» **DATA BLOCK**:

*** Begin section ***

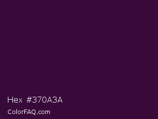 Hex #370a3a Color is a very dark magenta color and the nearest color is Valentino #350e42. Hex code #370a3a and RGB value is rgb(55,10,58). In RGB color space, this color is composed of 22% red, 4% green, 23% blue, In CMYK color space, this color is composed of 5% cyan, 83% magenta, 0% yellow , 77% black , In HSL color space, this color has a hue angle of 296° , 71% saturation and 13% lightness.
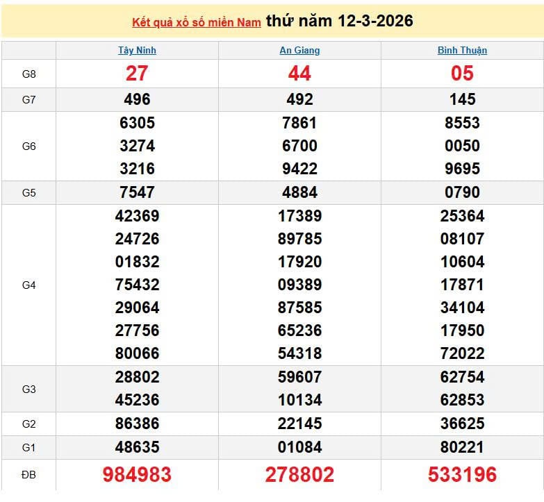 XSMN 12/3, KQXSMN 12/3. Xem lại kết quả xổ số miền Nam ngày 12/3/2026
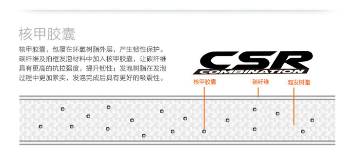 拍框材质:超高刚性碳纤维M30L+核甲胶囊(CSR)
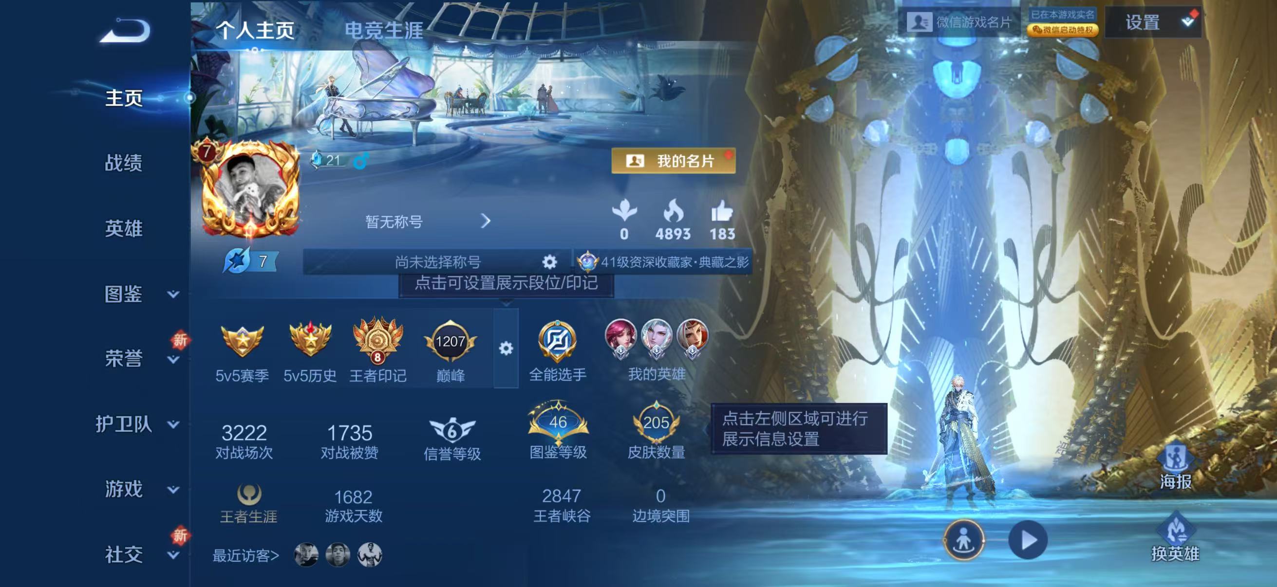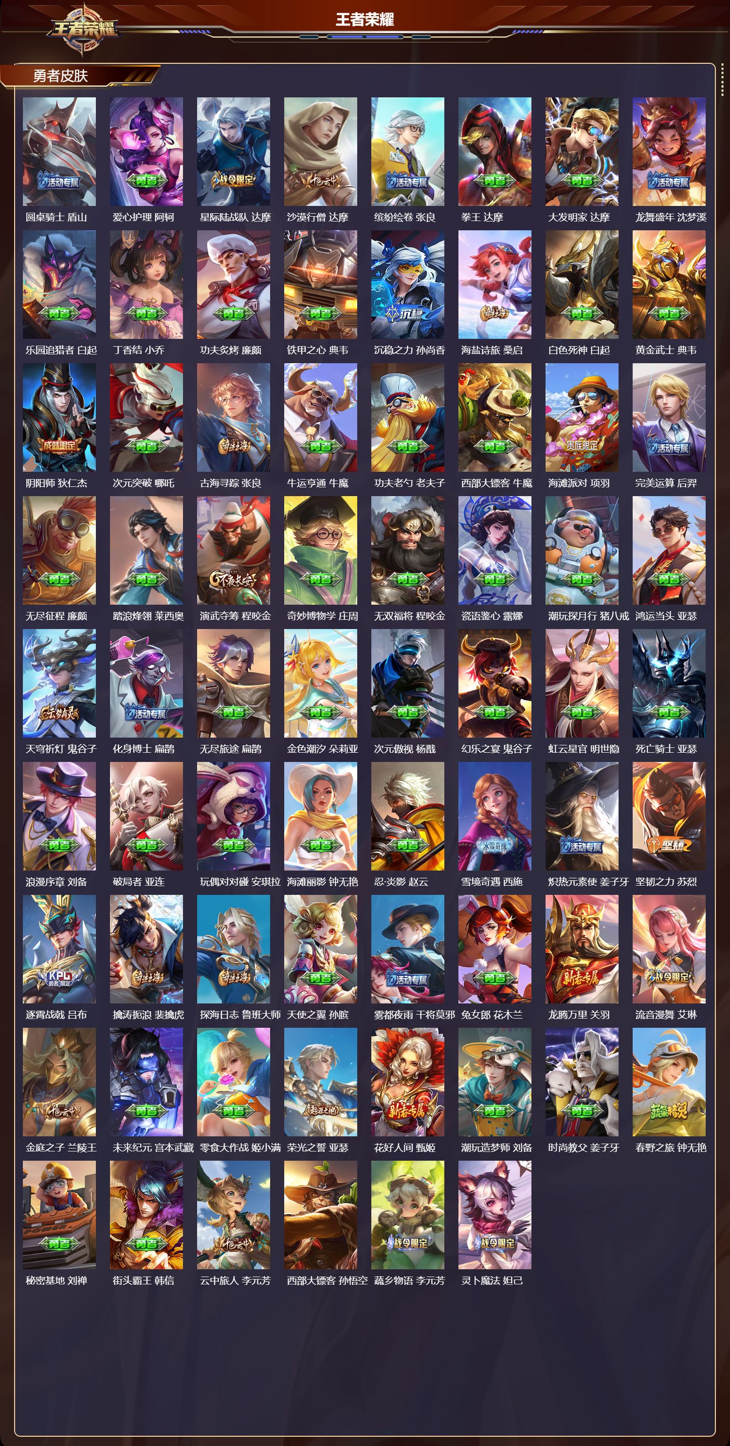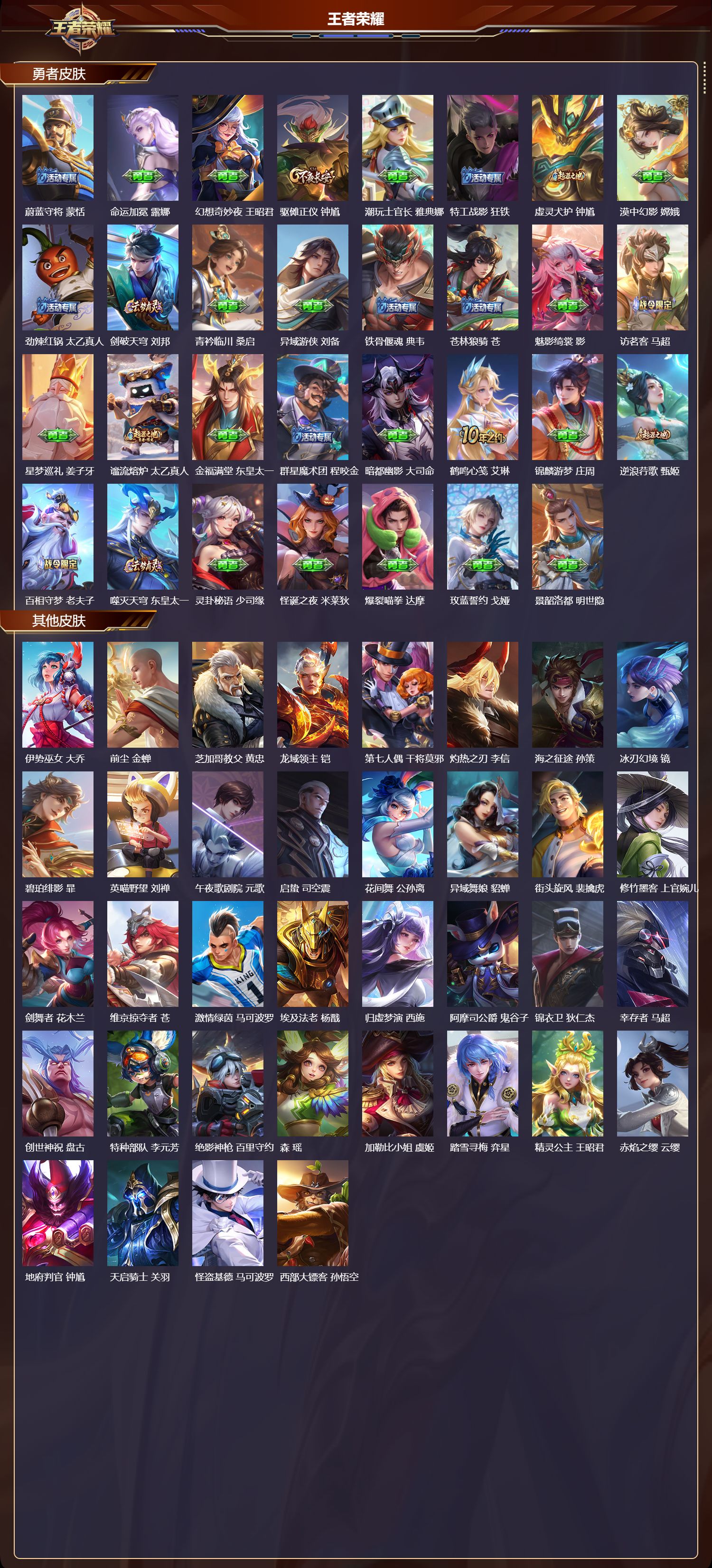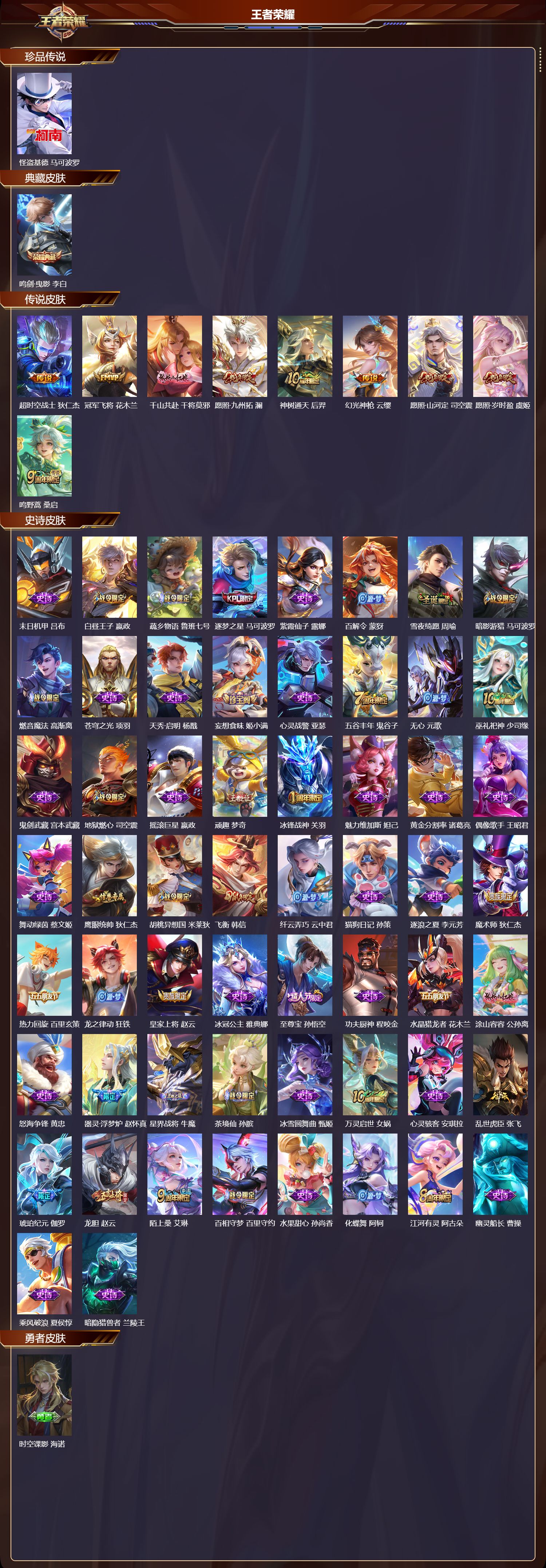 苹果微信/最强王者/205皮肤/127英雄/1典藏/0珍品无双/0无双/1珍品传说/9传说/58史诗/9稀有英雄【1 珍品传说】怪盗基德 马可波罗【1 典藏皮肤】鸣剑·曳影 李白【9 传说皮肤】超时空战士 狄仁杰冠军飞将 花木兰千山共赴 干将莫邪愿照·九州拓 澜神树通天 后羿幻光神呛 云缨愿照·山河定 司空震愿照·岁时盈 虞姬鸣野蒿 桑启【58 史诗皮肤】末日机甲 吕布白昼

*** End section ***

» **GOAL OF THE EXERCISE**:
Print the material in full and exactly, minus the pictures.

» **TASK SOLUTION**:
 Hex #370a3a Color is a very dark magenta color and the nearest color is Valentino #350e42. Hex code #370a3a and RGB value is rgb(55,10,58). In RGB color space, this color is composed of 22% red, 4% green, 23% blue, In CMYK color space, this color is composed of 5% cyan, 83% magenta, 0% yellow , 77% black , In HSL color space, this color has a hue angle of 296° , 71% saturation and 13% lightness.
 XSMN 12/3, KQXSMN 12/3. Xem lại kết quả xổ số miền Nam ngày 12/3/2026
 拍框材质:超高刚性碳纤维M30L+核甲胶囊(CSR)
 苹果微信/最强王者/205皮肤/127英雄/1典藏/0珍品无双/0无双/1珍品传说/9传说/58史诗/9稀有英雄【1 珍品传说】怪盗基德 马可波罗【1 典藏皮肤】鸣剑·曳影 李白【9 传说皮肤】超时空战士 狄仁杰冠军飞将 花木兰千山共赴 干将莫邪愿照·九州拓 澜神树通天 后羿幻光神呛 云缨愿照·山河定 司空震愿照·岁时盈 虞姬鸣野蒿 桑启【58 史诗皮肤】末日机甲 吕布白昼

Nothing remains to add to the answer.